Find out why our patented methods of cyber threat valuation are the correct ones

Why Our Cyber Threat Valuation Models Work

Unlike most risk modelling practices, those for cyber attacks and network threats face problems created by the very nature of how the internet operates and the interconnectivity of machines inside and outside all organizations.

Quantar’s cyber threat valuation products draw upon our fifteen+ years of product development, utilizing expertise from universities, military risk modelling specialists and risk capital modelling experts. Our models have been externally reviewed and enhanced in conjunction with a multi-year award winning actuarial consultancy.

Combining knowledge, systems and methodologies, we are able to deliver the appropriate information and services for managing your organizations risks arising from the interdependencies and connectivity between your business processes, systems and locations.

Why do our models and methods fit better than others used by alternative vendors?

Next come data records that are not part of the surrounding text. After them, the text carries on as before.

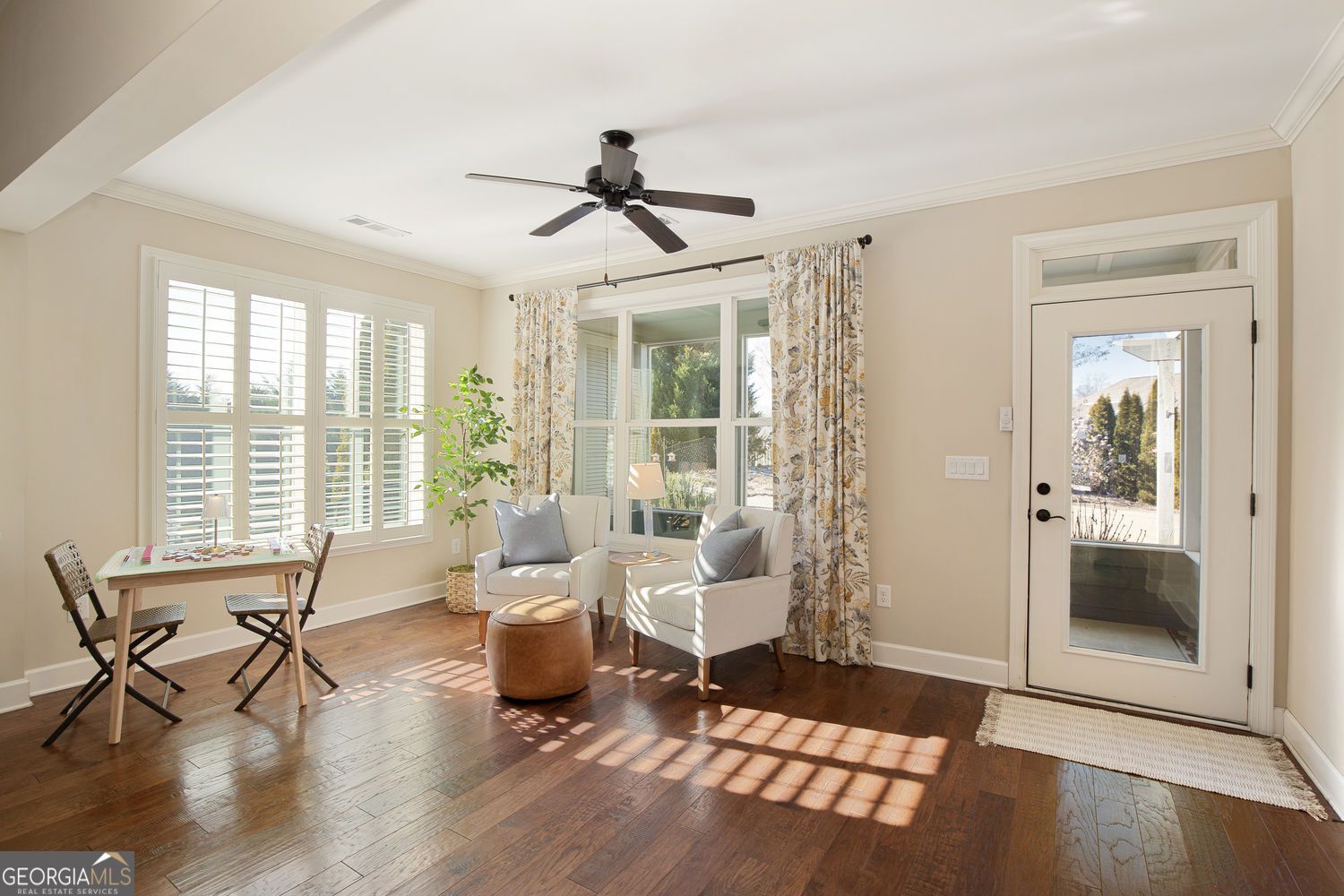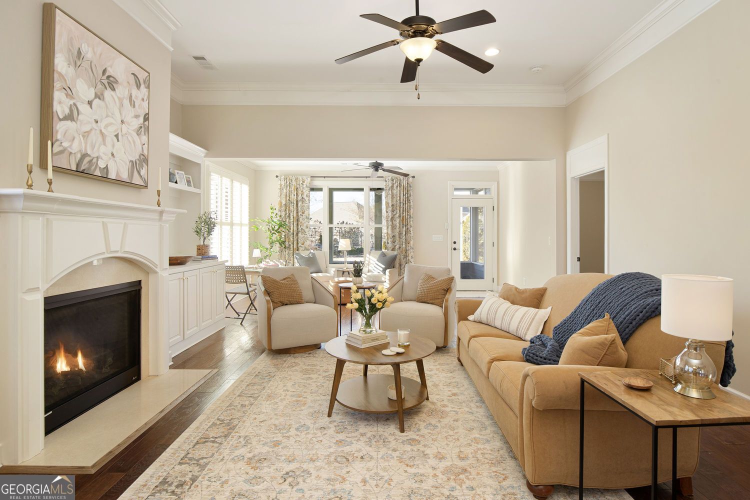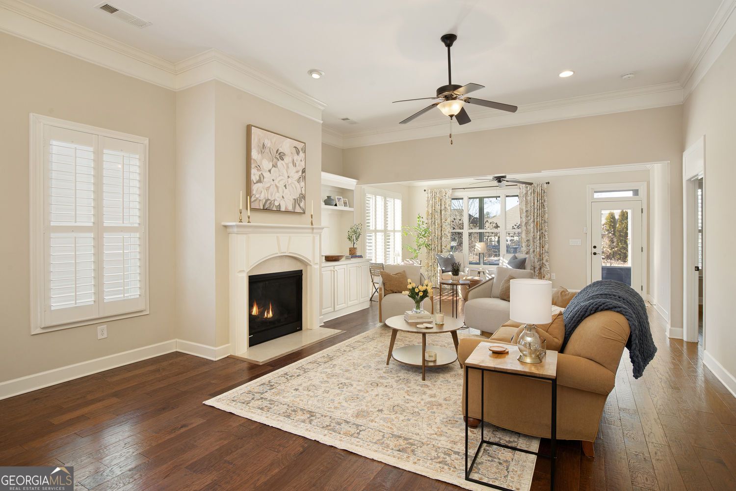 Welcome home to a place where every day feels intentional, social, and beautifully lived. This inviting home offers a premier 55+ active adult lifestyle in the award-winning Cresswind at Lake Lanier. Quietly positioned on a private cul-de-sac street, it sits on an exceptional lot featuring an oversized backyard with a screened porch and pergola, along with a neighboring park-like sitting area that enhances the sense of space and serenity. Inside, hardwood floors throughout are complemented by elegant crown molding, custom built-in bookshelves, and plantation shutters that fill the home with natural light. Impeccably maintained and recently updated with both interior and exterior paint, the home feels bright, polished, and welcoming. Anchored by a cozy fireplace, the open-concept living space invites easy gatherings with family, friends, and neighbors. The thoughtfully expanded family room provides additional space that flows beautifully for entertaining, whether hosting holidays, casual get-togethers, card games, or mahjong nights. The kitchen is designed for connection, featuring upgraded stainless steel appliances, a generous island, and a sunny breakfast nook. With plenty of room to add island seating, it's easy to imagine lingering mornings over coffee and evenings filled with conversation as guests naturally gather. The main level offers outstanding flexibility with a dedicated room ideal for a guest suite, along with a separate office-perfect for hosting visitors, working from home, or pursuing hobbies while enjoying the ease of one-level living. The primary suite serves as a peaceful retreat, complete with double vanities, a dedicated makeup vanity with sitting area, and a beautifully appointed walk-in tiled shower. Upstairs, a nearly completed bonus room with a closet offers exceptional versatility as a guest retreat, home office, creative studio, or hobby room. Approximately 90 percent complete, it's ready for your finishing touches to truly make it your own. Previously cared for by a Master Gardener, the landscaping is lush, thoughtful, and impeccably maintained. The screened porch and pergola-covered patio invite peaceful mornings, relaxing evenings, and effortless outdoor living-whether gardening, entertaining, or simply unwinding in your own private retreat. Life at Cresswind at Lake Lanier is rich with opportunity and connection. Community amenities include resort-style indoor and outdoor pools, a state-of-the-art fitness center, pickleball and tennis courts, and dedicated spaces for arts, crafts, games, and social clubs. With more than 120 resident-led clubs and activities, there is truly something for everyone, from fitness and dance classes to cards, billiards, music, performances, concerts, and social events. Gardening enthusiasts will appreciate active gardening groups and beautifully maintained common areas, while outdoor lovers enjoy easy access to Lake Lanier for kayaking, fishing, and courtesy boat docks just moments away. An on-site activities director, along with professional property management and maintenance teams, ensures everything runs seamlessly. Best of all, Cresswind is known for its warm, welcoming atmosphere-where neighbors quickly become friends and newcomers are genuinely encouraged to connect and feel at home. This is the kind of home and community people hope to find but rarely do, where days feel full, friendships come easily, and life feels exactly the way it should. Come experience it for yourself and see why so many choose to call Cresswind at Lake Lanier home.
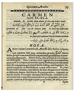 The Dutch Arabist Erpenius and his pupil Jacobus Golius collected manuscripts, and Golius purchased a copy of Dhou as-Saqt, now held in the collections of the University of Leiden.[19] He also published a few short extracts of al-Ma'arri's work in his 1656 edition of Erpinius' work on Arabic grammar.[5] The first publication of selections from Saqt az-Zand in a European scholarly work was in the collection Specimen Arabicum, a 1638 anthology of Arabic literature by Johann Fabricius published in Gdańsk.[20][21]
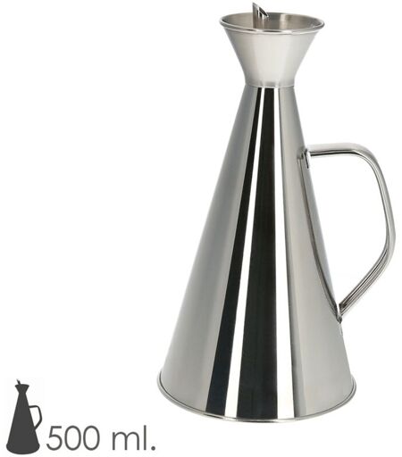 Aceitera Inoxidable Antigoteo 500ml. - Fabricada en Acero Inoxidable. Resistente y duradero. Contara en su cocina con un accesorio práctico y de larga vida útil. - Medidas: 10,2cm Ø base x 21,7cm Alto. Capacidad: 500ml. - Su especial boquilla hace que el aceite no gotee, y su tapón evita que se salga. Boca cónica para facilitar su llenado. - Para uso domestico y profesional. Elegante diseño que decorará su mesa. - Fácil de usar e ideal para dispensar aceite en sus ensaladas, comidas, cenas, desayunos, etc. Articulo tambien conocido como dispensador de aceite o alcuza. ...
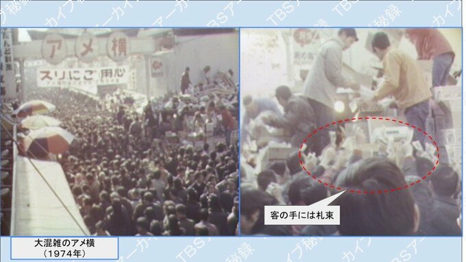 東京を代表する商店街アメヤ横町(通称:アメ横)。1974年(昭和49年)の年末の映像がありました。食品を中心とした商品を格安で扱っているアメ横。特に年末年始の混雑は有名で、おせちの材料を求めて、どこを見ても人・人・人。
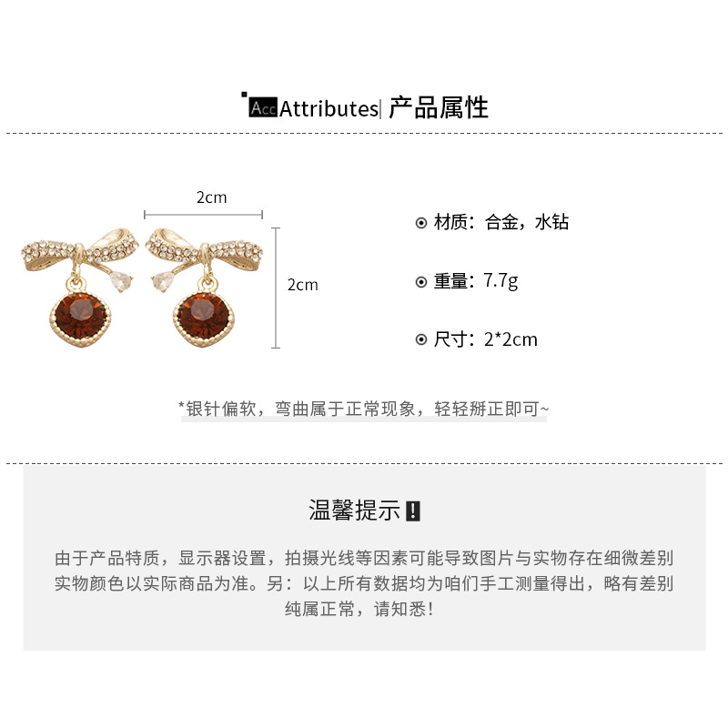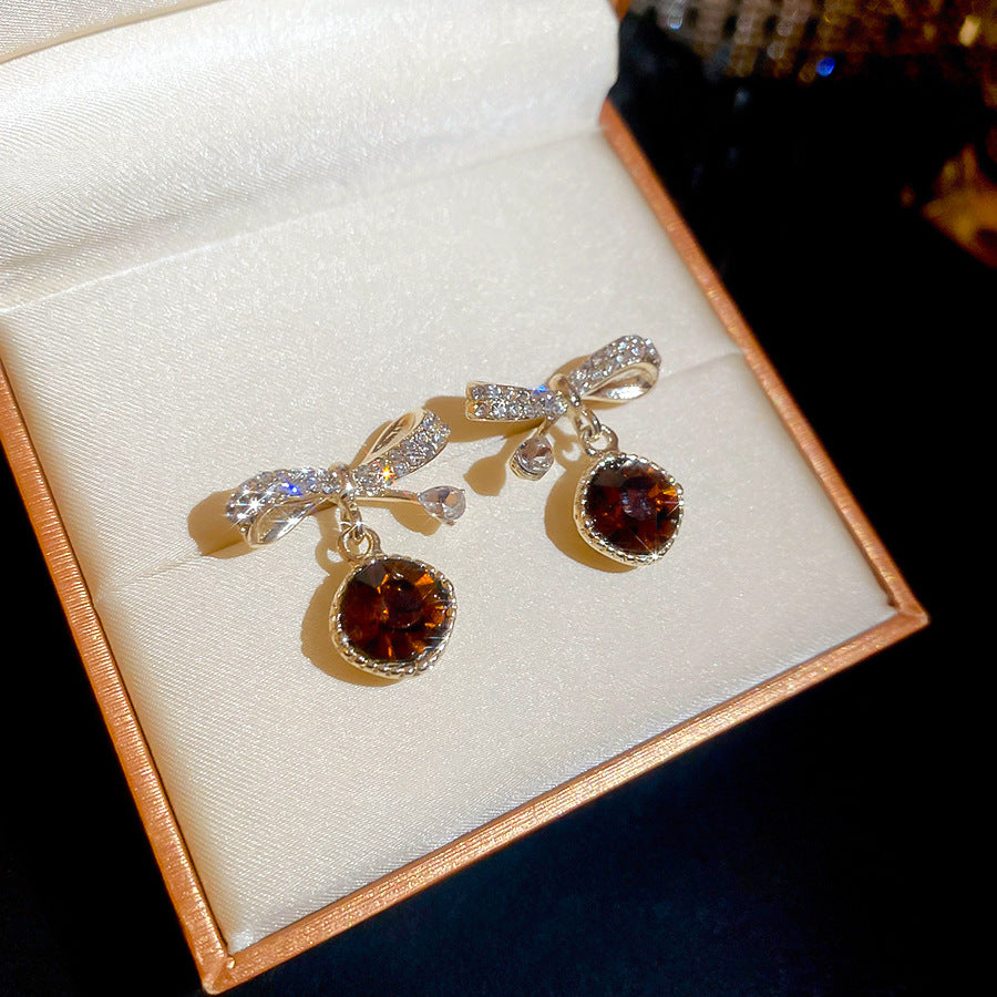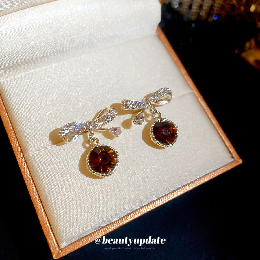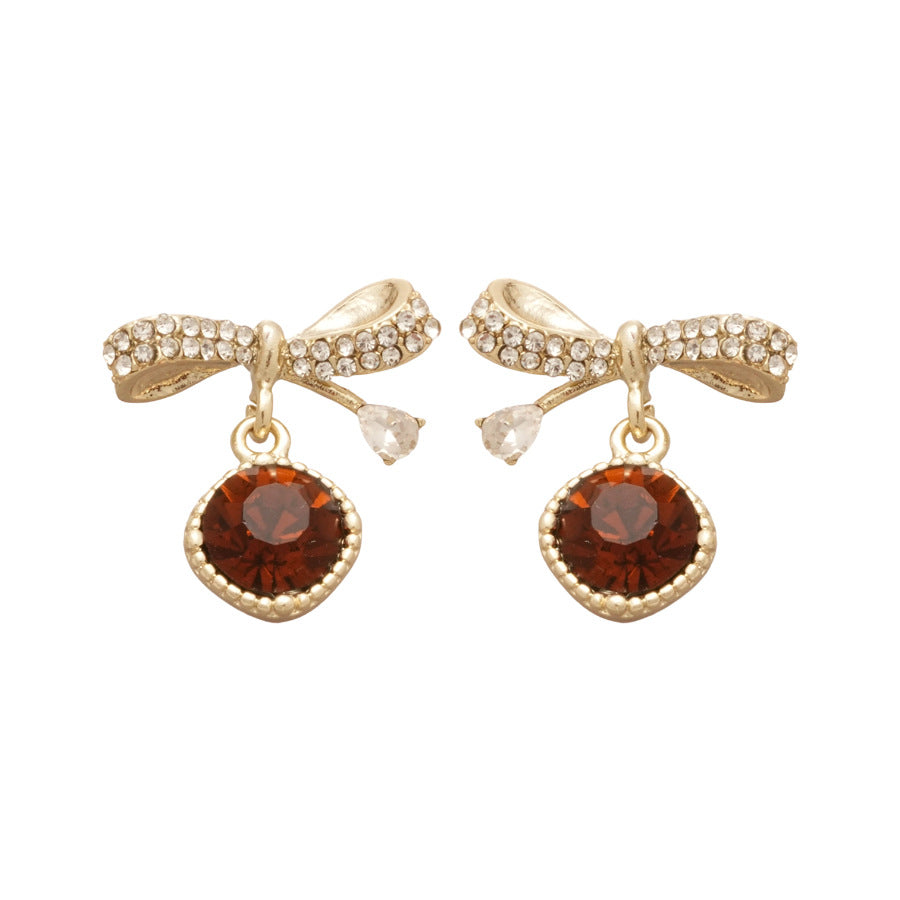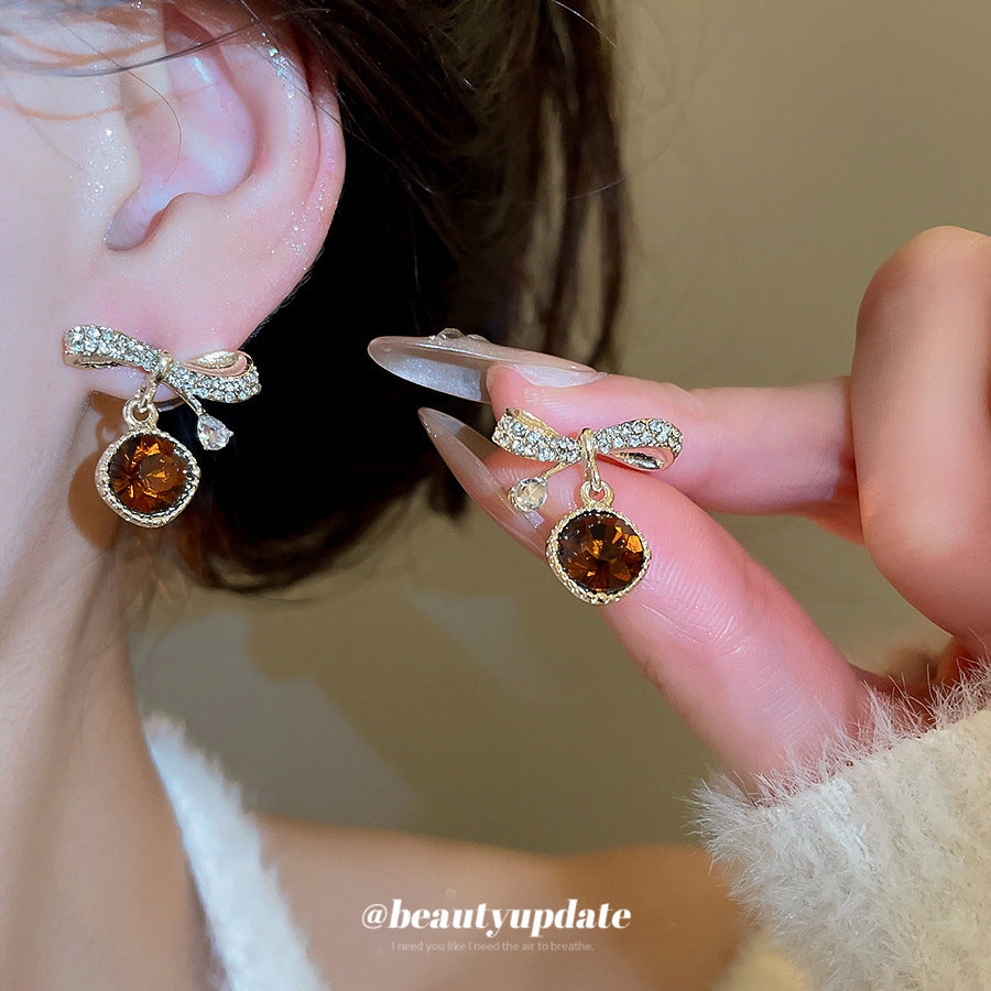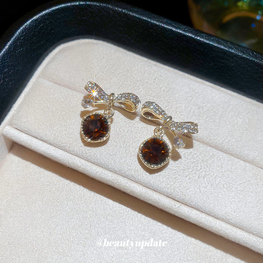 A廠【HE29139】925銀針鑲鑽蝴蝶結圓形吊墜耳環女氣質日常通勤耳環輕奢高級感耳飾女 25.11-1

The weaknesses arising from many current risk modelling methods integrated into other suppliers’ solutions arise due to the following:

The list of events:

Events that can cause a loss on a single system cannot be listed exhaustively since attacks are not definitely identified. There are a potentially infinite number of different attacks, meaning creating a definitive list is not possible. Companies usually revert to listing known types of attack and ignore the remainder. There is therefore a high probability that attackers will use unlisted attack types.

The probability of events:

Many naturally occurring events occur in a distribution that may be modelled to within a reasonable degree of accuracy using the common statistical methods, such as EVT for engineering projects, including dam development. The same cannot be said for man-made phenomena, and in particular for the case of cyber attacks via the internet. Existing risk models are largely inappropriate for analyzing malicious attacks on computer networks.

Event Independence:

One of the basic tenets of statistical modelling is independence of events. In risk assessment for an earthquake for example, it is normally assumed that they are independent of things such as flooding. The likelihood of both occurring concurrently is computed by multiplying their probabilities together. For IT networks however, multiple simultaneous events are frequently involved. It is well known within the computer security sector that it is far more likely that an attack will combine multiple techniques than a single one. Accurate assessment of joint probabilities of multiple attacks and multiple systems related in an unknown manner is essentially impossible.

Expected loss of events:

Creating an accepted valuation of loss arising from an event, even post facto, is often unobtainable or difficult at best. Losses due to the Love Letter virus way back in 2000 were estimated to be between $1 billion and $7.7 billion. With such a magnitude of range in valuation, the accuracy of valuations in advance of such events is highly questionable.

Mitigation techniques:

In the same way that attacks cannot be exhaustively and comprehensively listed ahead of an attack, neither can mitigation techniques be exhaustively listed. This is due to the number of variables and options for each scenario that may occur. Quantification and subsequent valuation of each is not possible.

Reduction in expected loss:

Given the above, if a less granular approach to listing mitigation actions is taken, the problem of the value of the expected reduction in expected loss is still impossible to achieve accurately.

The reason for this is the cost and saving of each action cannot be estimated with any degree of accuracy. An example would be where password strength is seen as a potential mitigant by increasing the current number of characters. The cost of undertaking this may seem to be low, with a high risk reduction value.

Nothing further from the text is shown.